Many people dispose of materials like food, pad, and tampons down their drains and toilet, so how often should you clean your septic tank?

You should clean and empty your septic tank between three to five years to ensure it is in excellent condition. Leaving your septic tanks longer can result in leaks from your pipes and an overfilled septic tank.

In this article, we will talk about how often you should always clean your septic tank and other things you need to know about septic tank cleaning.

How Often Should You Clean Your Septic Tank? 

It will help if you clean your septic tank once every three to five years. Although, cleaning your septic tank also depends on the amount of time used.

For instance, a family of three could even go over five years without cleaning their septic tank compared to a family of six who would need their tank cleaned more frequently.

Not cleaning the septic tank is a common mistake. You would want to ensure that it is wholly cleaned without leaving particles. Therefore, it is advisable that when the time comes to clean your tank, you should have a professional do it for you. 
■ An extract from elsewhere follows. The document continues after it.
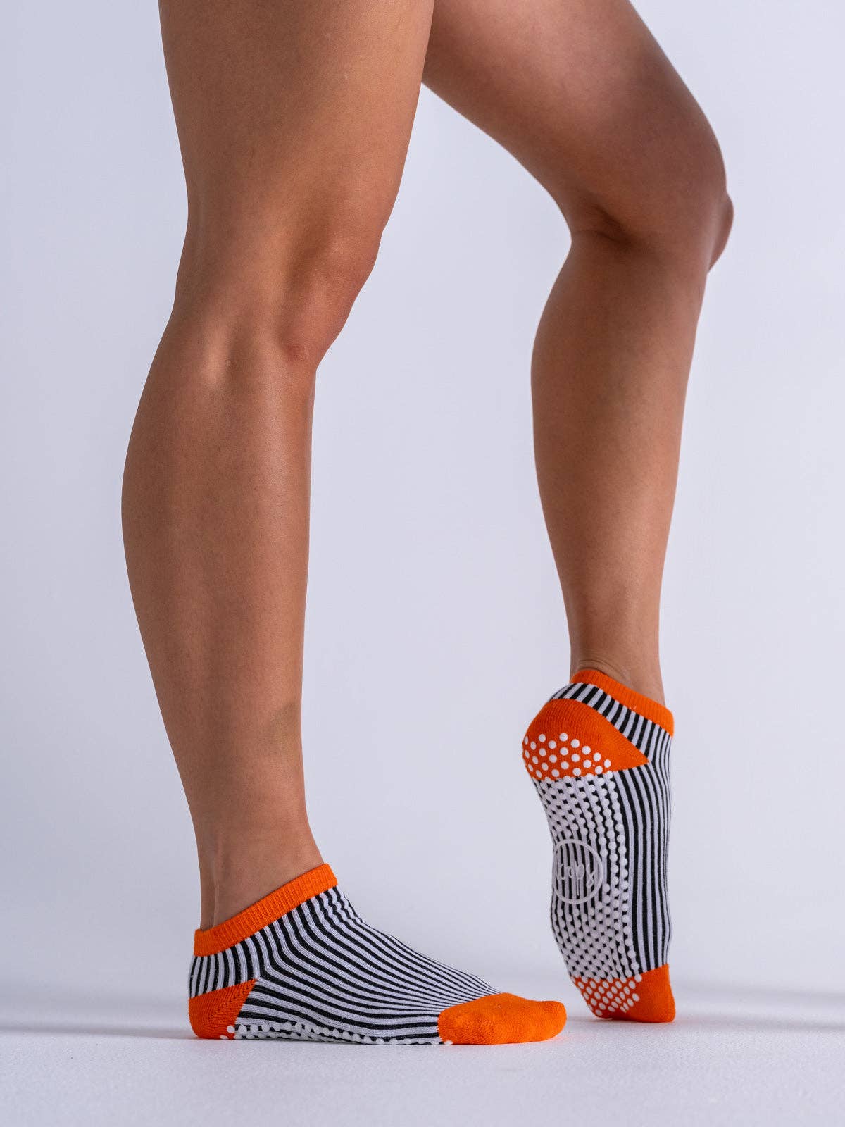 Our ankle grip socks are crafted from premium combed cotton with long-lasting silicone grips that cover the entire sock base, providing exceptional stability and support for any form of movement. The durable silicone base ensures you stay steady, while built-in arch compression offers extra support.

Although, local health departments have set up charts to help you detect the correct frequency and time of cleaning your septic tank.

See Also: What To Do After Septic Tank Is Pumped

Why You Need to Clean Your Septic Tank Periodically 

1. Overloading 

it would help if you cleaned septic tanks regularly to prevent overloading them. The primary use of the tank is to hold waste and sewages, so if the tank gets overfilled, clean it, or the waste and sewage could end up flowing back from where it came from into your yards or stress side.

2. Prevention Of Unpleasant Smell

Aside from solid waste being disposed into the tank, menial liquid waste is also disposed of, which may increase the odor of the tank. An unpleasant smell would eventually greet you.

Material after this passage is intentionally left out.